**Task material:**
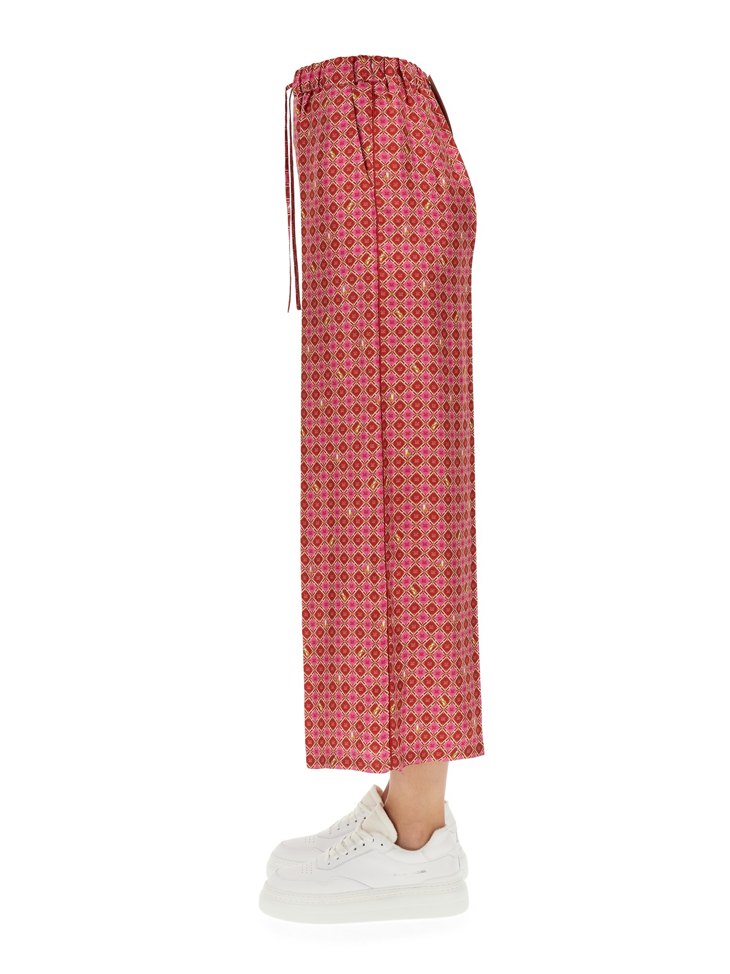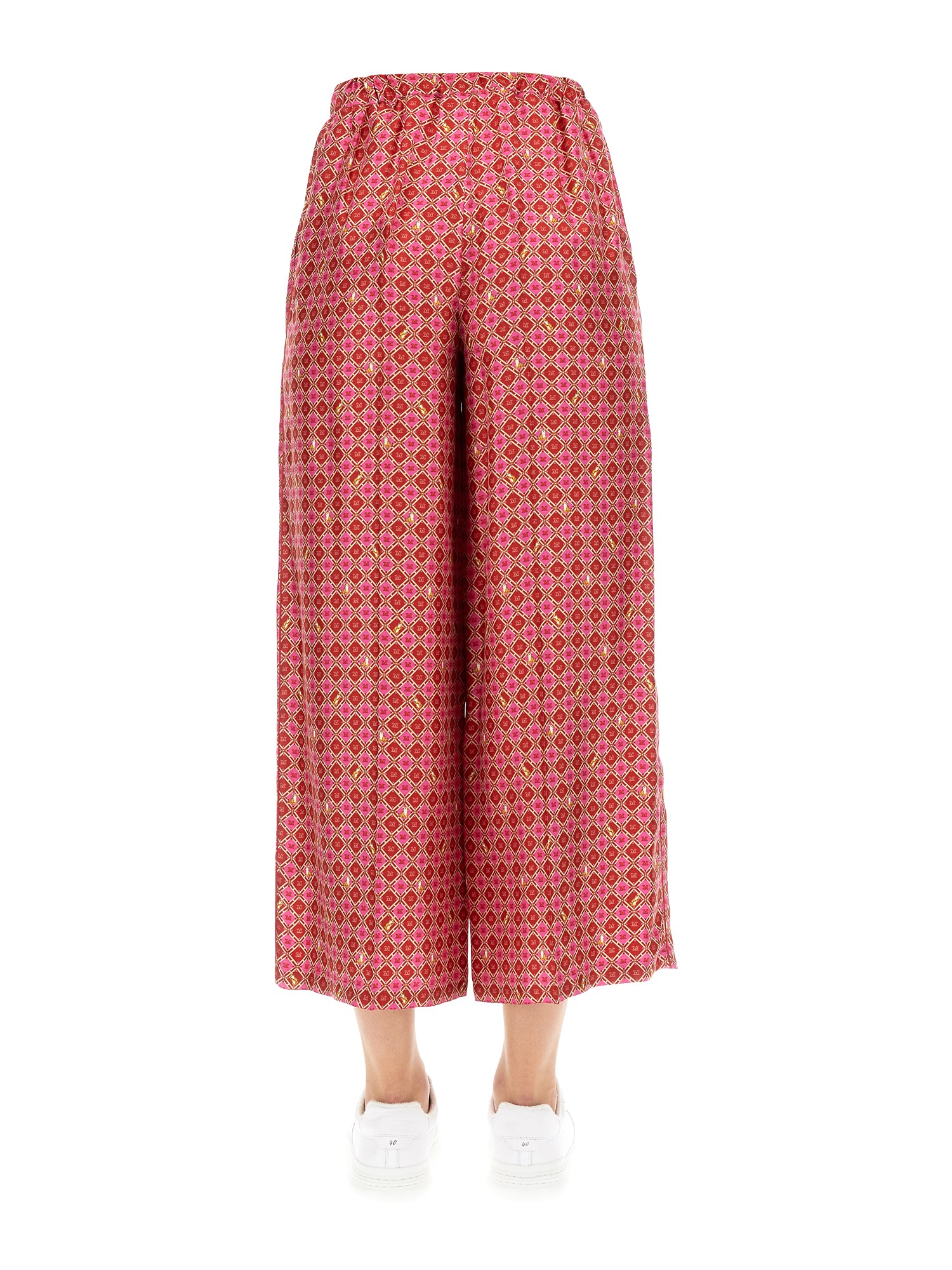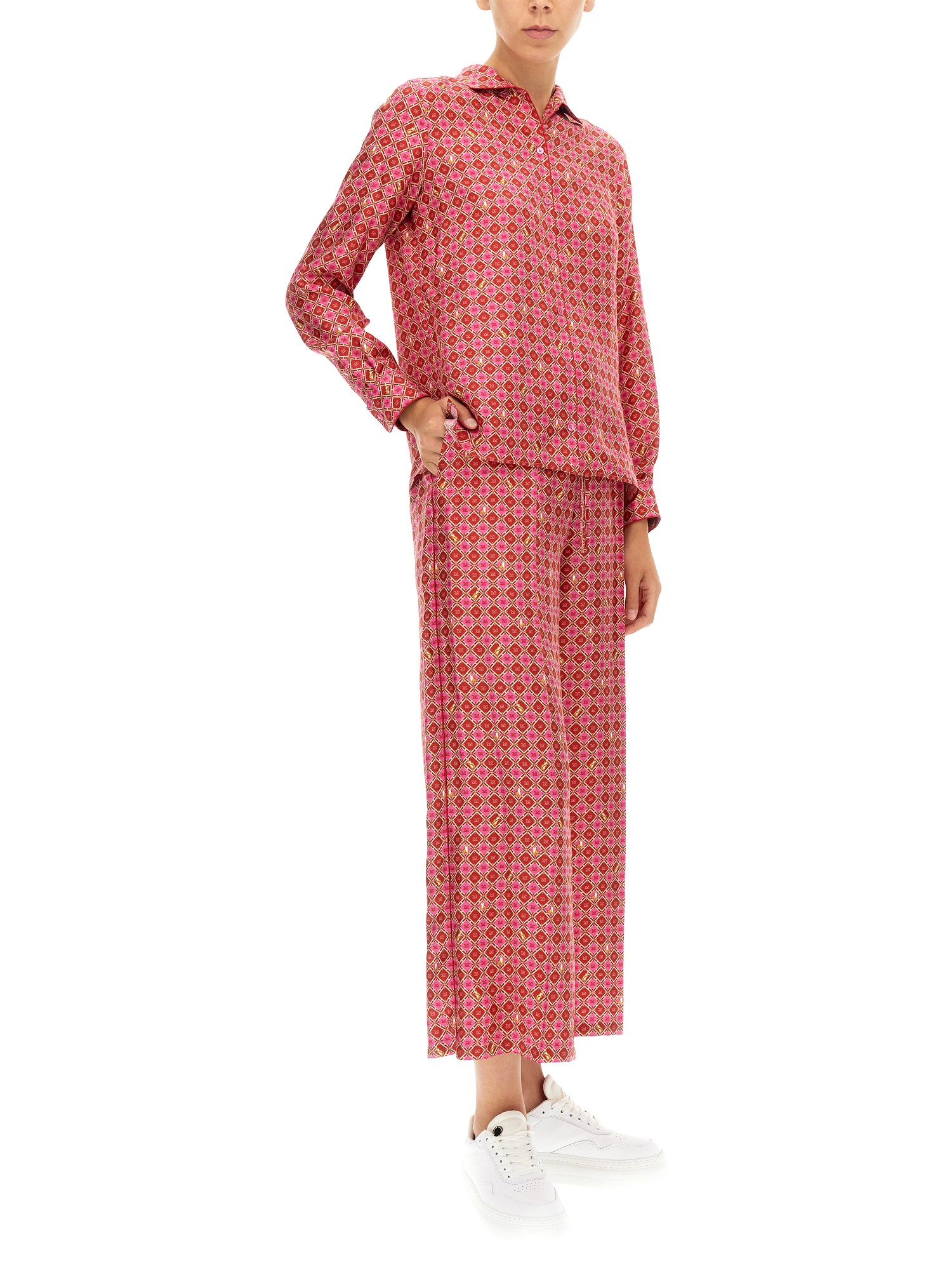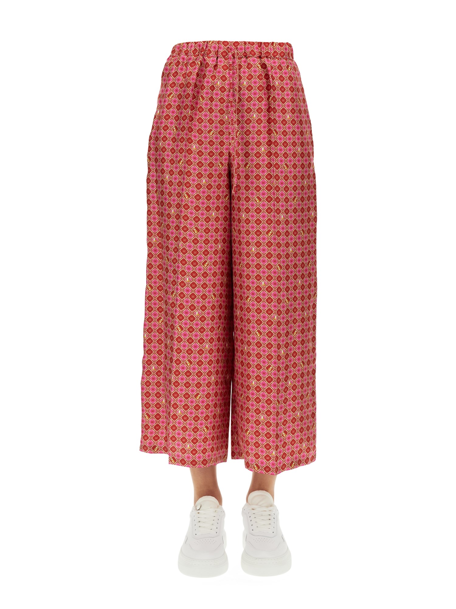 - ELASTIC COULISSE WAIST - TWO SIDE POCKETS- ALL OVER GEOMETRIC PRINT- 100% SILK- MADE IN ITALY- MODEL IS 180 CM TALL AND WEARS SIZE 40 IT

---

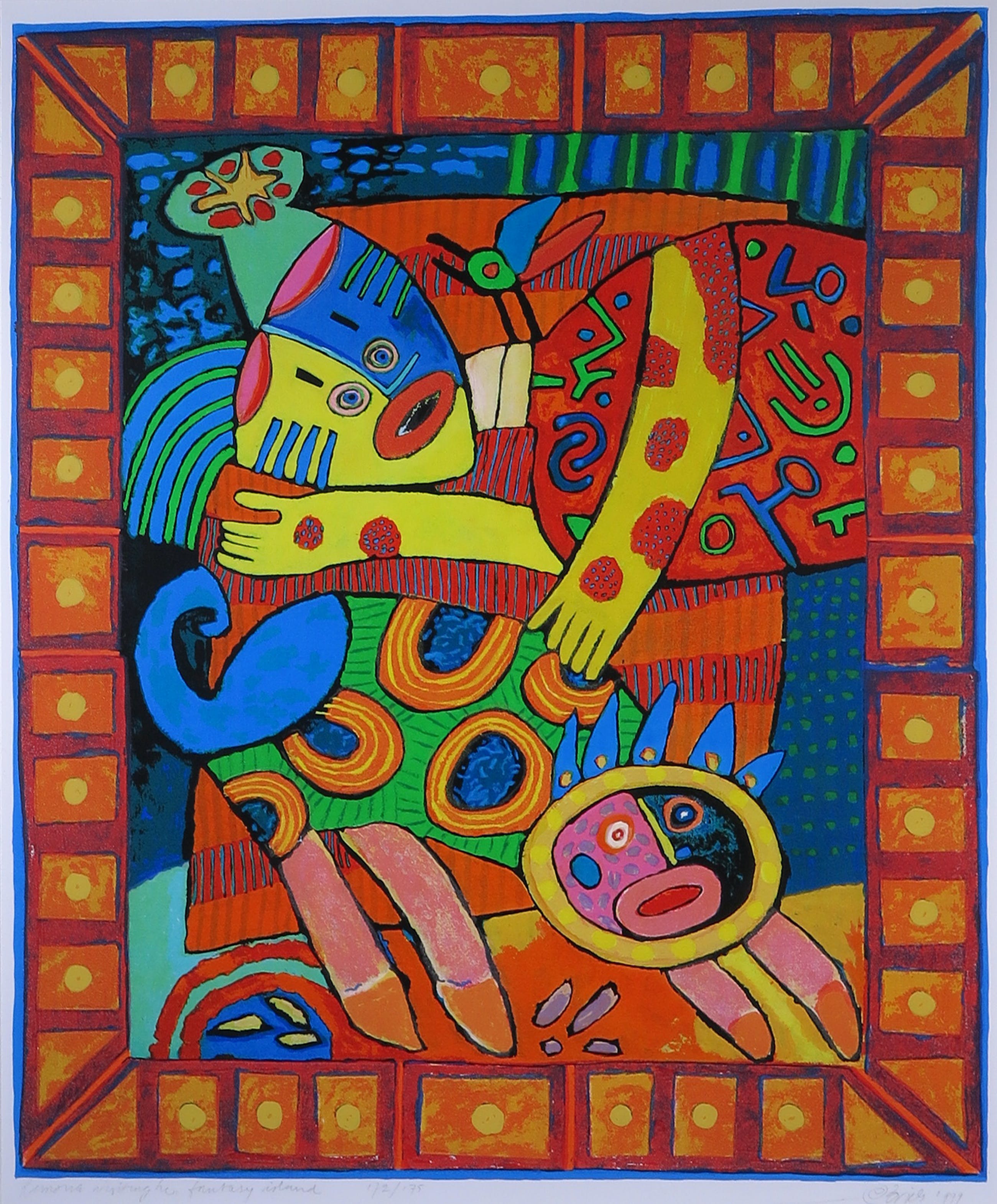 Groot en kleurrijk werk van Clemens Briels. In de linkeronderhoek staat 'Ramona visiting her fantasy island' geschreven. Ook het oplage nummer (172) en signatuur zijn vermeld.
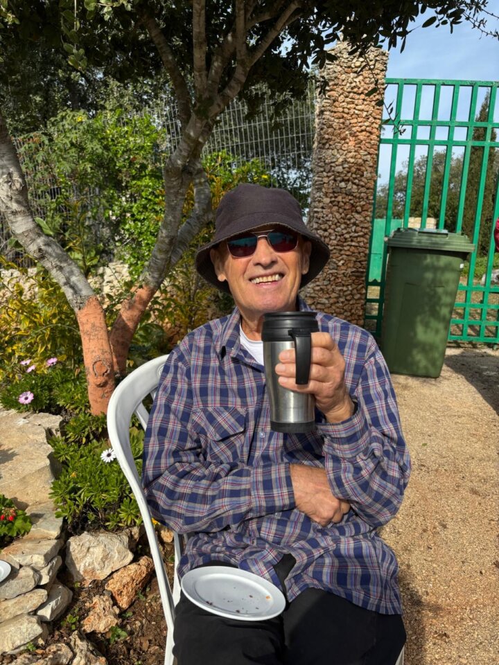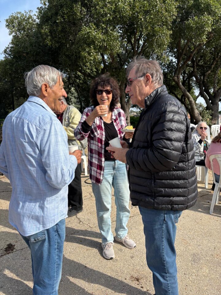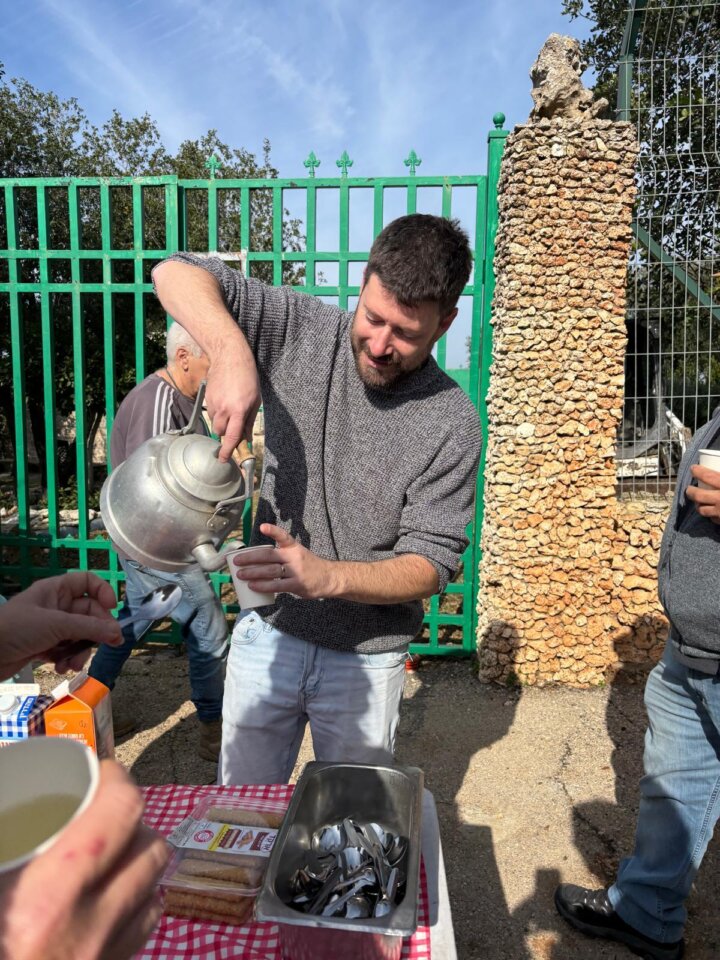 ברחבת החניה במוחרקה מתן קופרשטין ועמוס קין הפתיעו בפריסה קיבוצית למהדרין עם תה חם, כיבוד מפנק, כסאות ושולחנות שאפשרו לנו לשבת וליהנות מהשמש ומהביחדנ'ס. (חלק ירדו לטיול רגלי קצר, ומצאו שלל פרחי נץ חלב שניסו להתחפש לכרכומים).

...

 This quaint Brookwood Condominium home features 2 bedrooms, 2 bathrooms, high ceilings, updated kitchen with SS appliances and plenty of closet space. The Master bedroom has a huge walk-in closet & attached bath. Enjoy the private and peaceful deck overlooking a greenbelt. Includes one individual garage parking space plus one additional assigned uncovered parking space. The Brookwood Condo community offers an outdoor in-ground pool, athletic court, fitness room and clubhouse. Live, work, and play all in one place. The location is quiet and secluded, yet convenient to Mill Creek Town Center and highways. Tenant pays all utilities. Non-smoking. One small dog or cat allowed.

**Assignment:** Give back exactly the lines of the listing above from the one that contains "Groot en kleurrijk" up to and including the one that contains "ברחבת החניה במוחרקה", but not the pictures, and no other lines.

**Expected output:**
 Groot en kleurrijk werk van Clemens Briels. In de linkeronderhoek staat 'Ramona visiting her fantasy island' geschreven. Ook het oplage nummer (172) en signatuur zijn vermeld.
 ברחבת החניה במוחרקה מתן קופרשטין ועמוס קין הפתיעו בפריסה קיבוצית למהדרין עם תה חם, כיבוד מפנק, כסאות ושולחנות שאפשרו לנו לשבת וליהנות מהשמש ומהביחדנ'ס. (חלק ירדו לטיול רגלי קצר, ומצאו שלל פרחי נץ חלב שניסו להתחפש לכרכומים).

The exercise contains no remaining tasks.